The sleep-wake cycle
The neurons that orchestrate growth hormone release during the sleep-wake cycle -- growth hormone releasing hormone (GHRH) neurons and two types of somatostatin neurons -- are buried deep in the hypothalamus, an ancient brain hub conserved in all mammals. Once released, growth hormone increases the activity of neurons in the locus coeruleus, an area in the brainstem involved in arousal, attention, cognition and novelty seeking. Dysregulation of locus coeruleus neurons is implicated in numerous psychiatric and neurological disorders.
"Understanding the neural circuit for growth hormone release could eventually point toward new hormonal therapies to improve sleep quality or restore normal growth hormone balance," said Daniel Silverman, a UC Berkeley postdoctoral fellow and study co-author. "There are some experimental gene therapies where you target a specific cell type. This circuit could be a novel handle to try to dial back the excitability of the locus coeruleus, which hasn't been talked about before."
The researchers, working in the lab of Yang Dan, a professor of neuroscience and of molecular and cell biology, explored the neuroendocrine circuit by inserting electrodes in the brains of mice and measuring changes in activity after stimulating neurons in the hypothalamus with light. Mice sleep for short periods -- several minutes at a time -- throughout the day and night, providing many opportunities to study growth hormone changes during sleep-wake cycles.
Using state-of-the-art circuit tracing, the team found that the two small-peptide hormones that control the release of growth hormone in the brain -- GHRH, which promotes release, and somatostatin, which inhibits release -- operate differently during REM and non-REM sleep. Somatostatin and GHRH surge during REM sleep to boost growth hormone, but somatostatin decreases and GHRH increases only moderately during non-REM sleep to boost growth hormone.
Released growth hormone regulates locus coeruleus activity, as a feedback mechanism to help create a homeostatic yin-yang effect. During sleep, growth hormone slowly accumulates to stimulate the locus coeruleus and promote wakefulness, the new study found. But when the locus coeruleus becomes overexcited, it paradoxically promotes sleepiness, as Silverman showed in a study published earlier this year.

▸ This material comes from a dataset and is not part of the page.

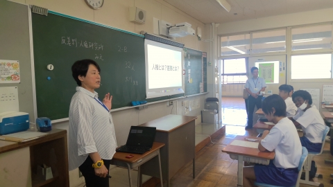 Miércoles 8 de octubre (por la mañana) Esta mañana, en las aulas de segundo grado, se está realizando una clase sobre alfabetización mediática y derechos humanos. Es una clase especial impartida por un investigador del Instituto Mie de Investigación sobre los Derechos Humanos y la Lucha contra la Discriminación.

"This suggests that sleep and growth hormone form a tightly balanced system: Too little sleep reduces growth hormone release, and too much growth hormone can in turn push the brain toward wakefulness," Silverman said. "Sleep drives growth hormone release, and growth hormone feeds back to regulate wakefulness, and this balance is essential for growth, repair and metabolic health."
Because growth hormone acts in part through the locus coeruleus, which governs overall brain arousal during wakefulness, a proper balance could have a broader impact on attention and thinking.
"Growth hormone not only helps you build your muscle and bones and reduce your fat tissue, but may also have cognitive benefits, promoting your overall arousal level when you wake up," Ding said.
The work was funded by the Howard Hughes Medical Institute (HHMI), which until this year supported Dan as an HHMI investigator, and the Pivotal Life Sciences Chancellor's Chair fund. Dan is the Pivotal Life Sciences Chancellor's Chair in Neuroscience. Other co-authors of the paper are Peng Zhong, Bing Li, Chenyan Ma, Lihui Lu, Grace Jiang, Zhe Zhang, Xiaolin Huang, Xun Tu and Zhiyu Melissa Tian of UC Berkeley; and Fuu-Jiun Hwang and Jun Ding of Stanford University.